Волгоградский рынок поражал выбором. Я жила тогда у Сергея Владимировича («что ни рожа – то Сережа»), мне совершенно нечем было заняться, пока он «работал работу», и я сорила деньгами на рынке и священнодействовала на его маленькой кухне. За каждый мой приезд Сергей набирал пару-тройку килограммов и кажется был не очень доволен, что я так закармливаю его. В качестве нравоучений он все время показывал мне «Большую жратву», а иногда даже отказывался спать со мной, по причине слишком обильного обеда, перетекающего в ужин. Но чаще всего секс был хорош. Даже очень хорош. Знаете ли, рыба способствует.

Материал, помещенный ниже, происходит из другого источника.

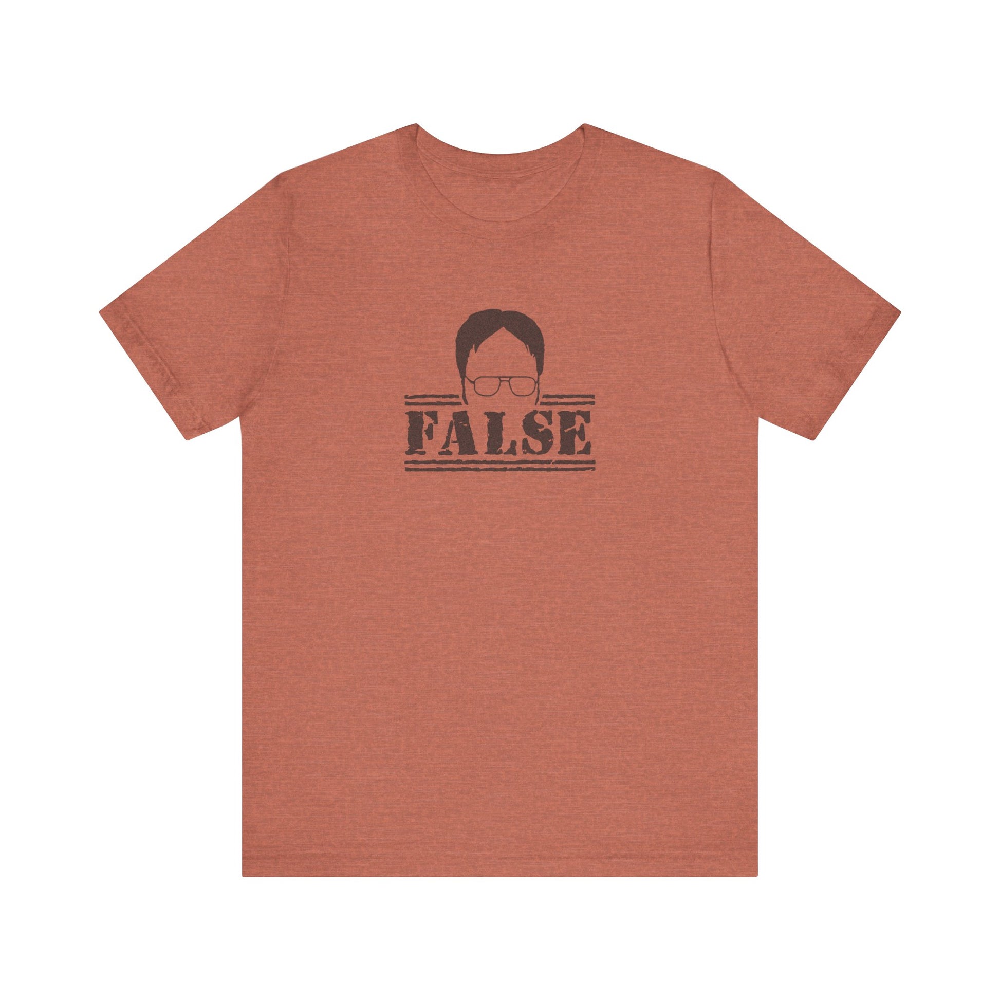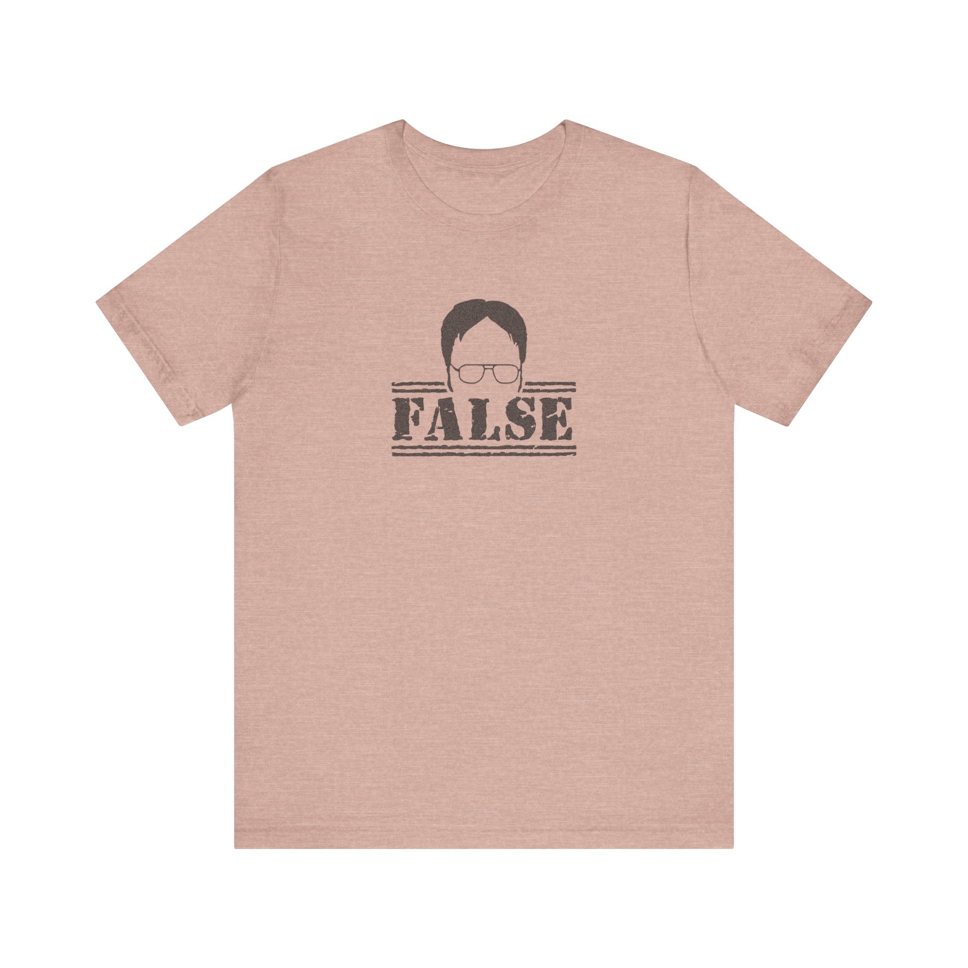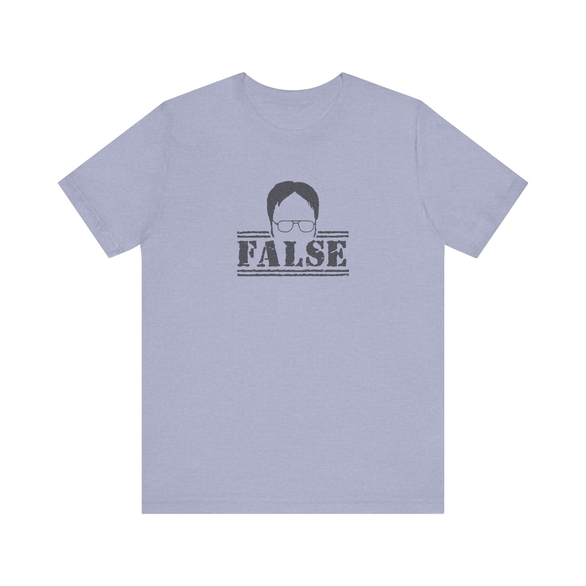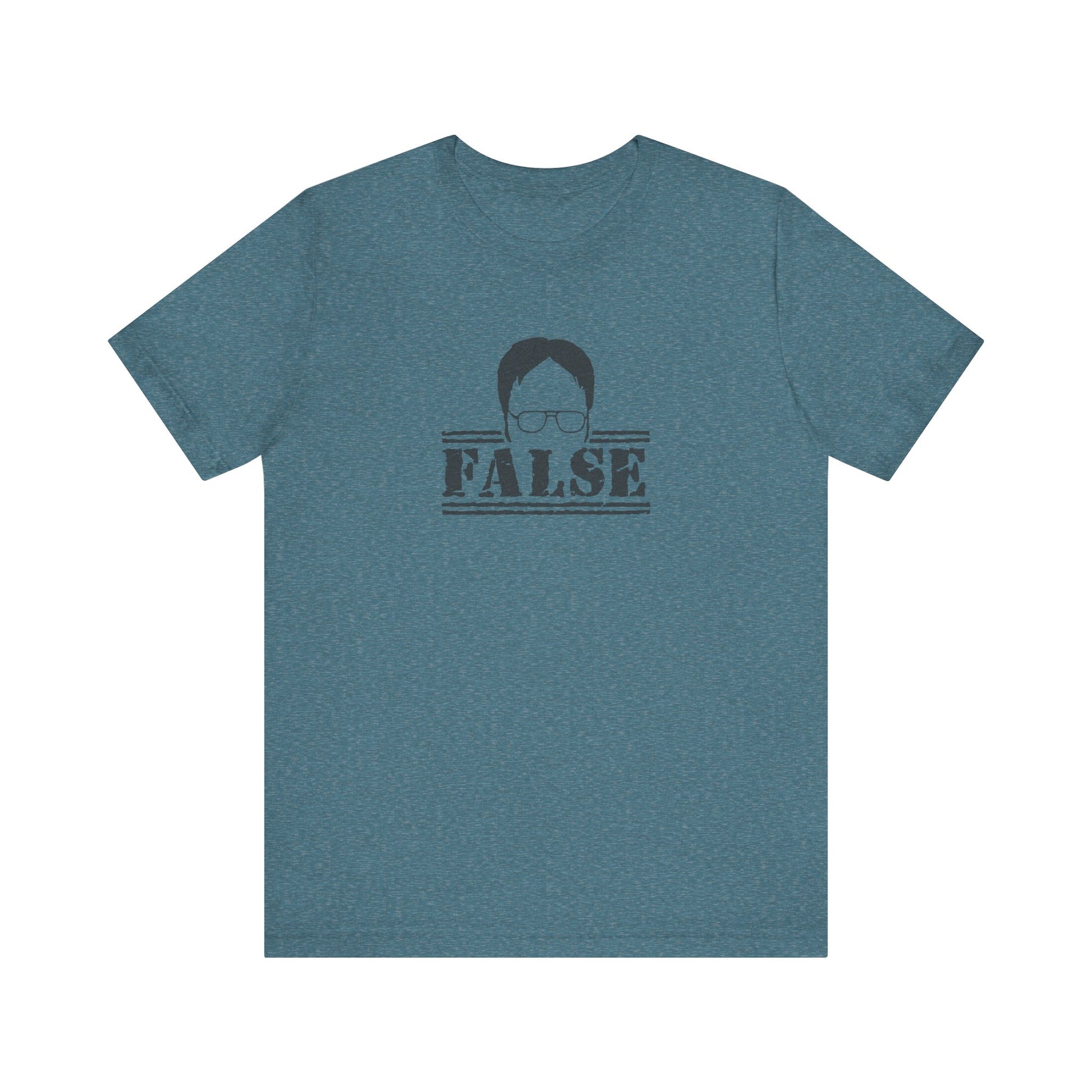 - Features Dwight’s classic “FALSE” response in bold stencil lettering

Студенты подарили матери Сергея трехлитровую банку черной икры. Мать отдала ее нам. Я заявила, что не ем осетрину, даже в виде зародышей. Человеку, родившемуся на Волге, было дико слышать все это. Он широкой горстью зачерпнул икру из банки и намазал на свой хуй. Мне пришлось все это слизывать, Сергей внимательно следил, чтобы ни одна икринка не пропала зазря. Я в первый раз тогда делала минет, и до сих пор для меня вкус спермы неизменно ассоциируется со вкусом черной икры.
Развращающий деликатес.


Еще про дыню
Дыня кончилась. это самая большая печаль дня сегодняшнего. Я иногда думаю – зачем вообще работать, суетиться, что-то делать. Если все равно мы умрем и «жизнь – это мост, иди по нему, но вздумай устраиваться на нем жить», и смысла нет никакого.
Но если смысл измерять в дынях тогда надо работать много, жить долго, съесть на несколько сотен дынь в своей жизни – побольше.
Я не люблю жару, тем более, жаркие страны, но если знать, что где-то вызревают дыни, то и жара имеет смысл.
Один раз в жизни я съела такое количество дыни в один прием – сколько мне хотелось, и было мне очень хорошо.
Мне было 16 лет, и я ехала в поезде Москва-Андижан, правда ехала я в Саратов. Андижанский проводник очень переживал, что не распродал в Москве несколько десятков совершенно роскошных дынь – и предлагал их пассажирам – за бесценок, пассажиры отмахивались – они ехали в Андижан, дынь там было завались. Я купила дыню. Хорошую, душистую, настоящую. Килограммов на 10.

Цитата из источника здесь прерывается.